JPH02179282A - Drive circuit for ultrasonic motor - Google Patents

Abstract

PURPOSE:To simplify designing and regulating by determining parallel resonance frequency newly generated in a booster transformer and an ultrasonic motor according to predetermined conditions. CONSTITUTION:An ultrasonic motor has a driver, and its piezoelectric element forms an equivalent circuit of a resistance Ra, a capacitance Ca, and an inductance La. When the ultrasonic motor is driven, a parallel resonance of an inductance L2 of the secondary coil of a booster transformer 19 and a capacitance C1 of the driver is generated. This parallel resonance frequency is so selected as to be higher than the resonance frequency of the ultrasonic motor and lower than the frequency at which amplitude characteristic initially becomes a lowest level in this high range.

Description

DETAILED DESCRIPTION OF THE INVENTION "Field of Industrial Application" The present invention relates to an active circuit for stably driving an ultrasonic motor.

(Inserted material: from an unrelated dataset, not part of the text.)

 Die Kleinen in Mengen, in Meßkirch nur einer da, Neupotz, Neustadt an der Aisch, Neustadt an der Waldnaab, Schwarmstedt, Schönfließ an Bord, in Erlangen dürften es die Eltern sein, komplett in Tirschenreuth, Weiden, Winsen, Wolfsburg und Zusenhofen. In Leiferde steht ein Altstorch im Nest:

"Prior Art" Ultrasonic motors are known in which a piezoelectric element such as a piezoelectric ceramic is attached to a stator, and the rotor is rotated by exciting elastic vibrations in the stator.

FIG. 9 schematically shows the driving body 11 and rotating body 12 of this type of motor. A thin plate-like piezoelectric element 14 is attached to the rear surface of the circular stator 13, and the surrounding Radial slits are formed along the .

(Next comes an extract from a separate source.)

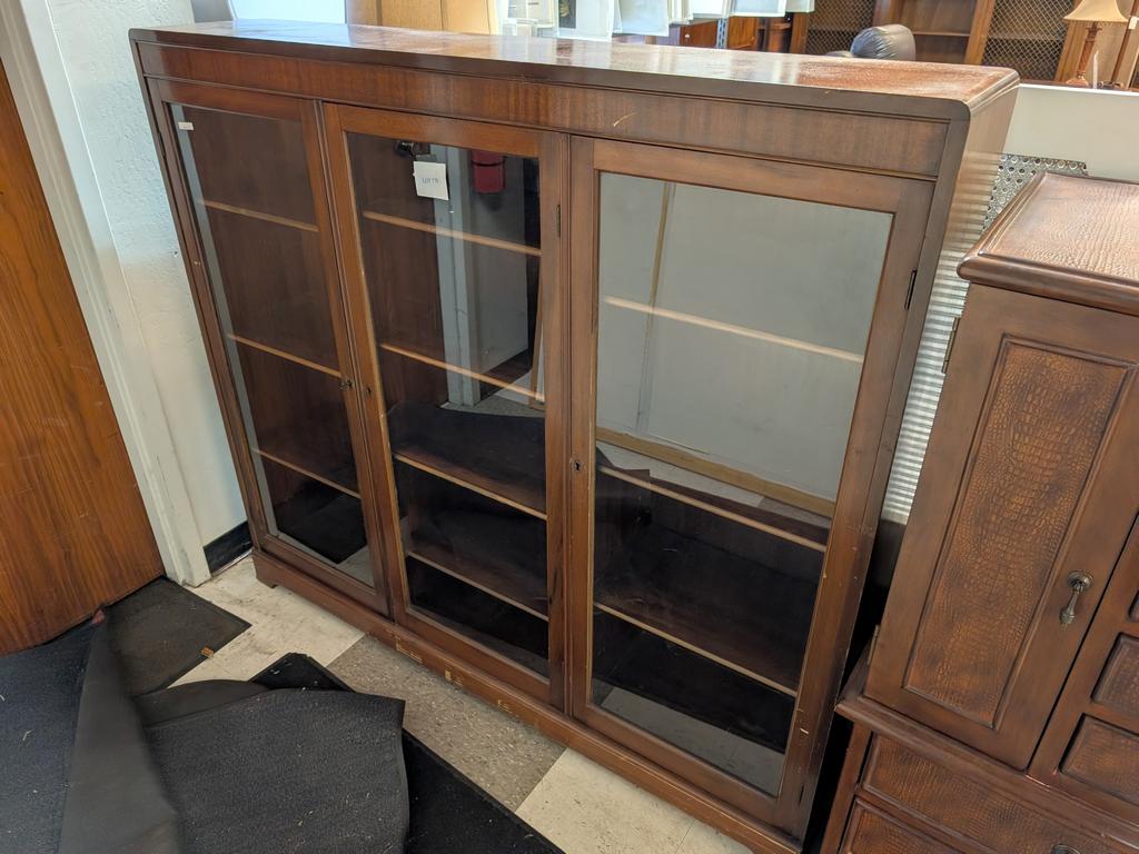Lot 770: Mahogany 3-Door Glass Front Bookcase.

The stator 13 and the piezoelectric element 14 serve as the driving body 11 and generate a vibration traveling wave λ on the front surface thereof.

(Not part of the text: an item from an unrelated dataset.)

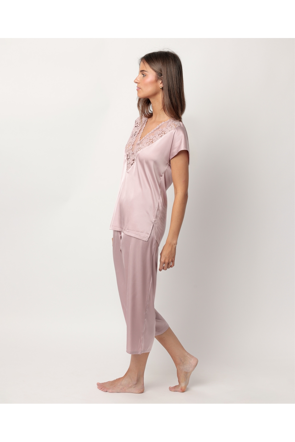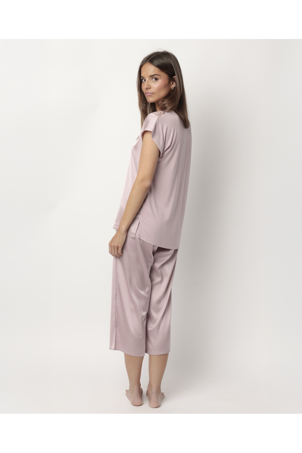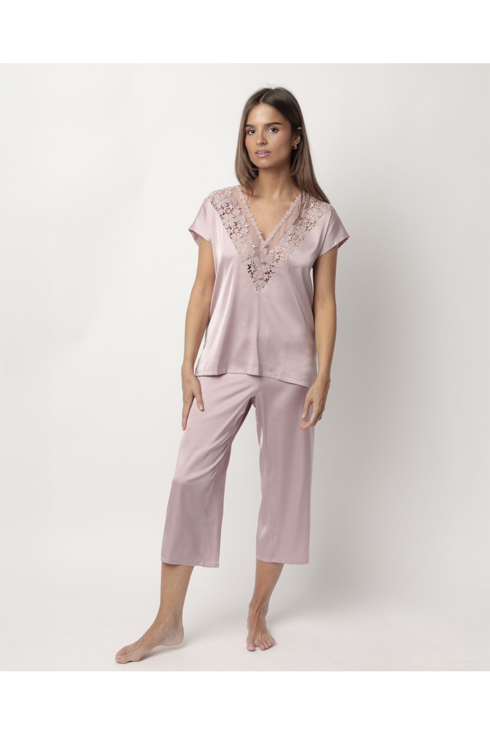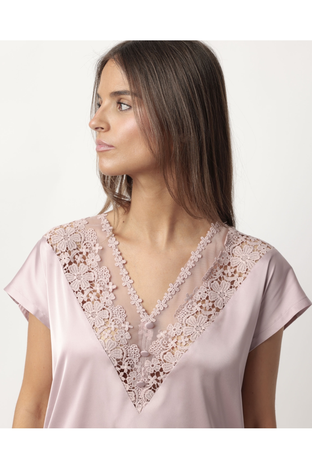 ADMAS CLASSIC Pijama Manga Caída Satin And Guipur para Mujer CAVA

The rotating body 12 includes a circular rotor 15 and a slider 16 attached thereto, and the slider 16 is pressed against the stator 13. This rotating body 12 is driven by the vibration of the driving body 11 and rotates in the opposite direction to the direction of the vibration traveling wave.

FIG. 10 is an enlarged rear view of the driver 11. As shown in the figure, the piezoelectric element 14 is polarized, and three electrodes 1 are connected to the polarization.
4a, 14b, and 14c are provided. These electrodes 1
4a and 14b are two systems of high frequency voltage Va with a phase difference of 90°.

It is designed to give vb. To give a specific example, V
It is applied as a=Vsin (ωt) and Vb=Vcos (ωt). Note that the stator 13 is connected to the power supply circuit as the other common electrode (for example, a ground electrode) for each of the electrodes 14a to 14c.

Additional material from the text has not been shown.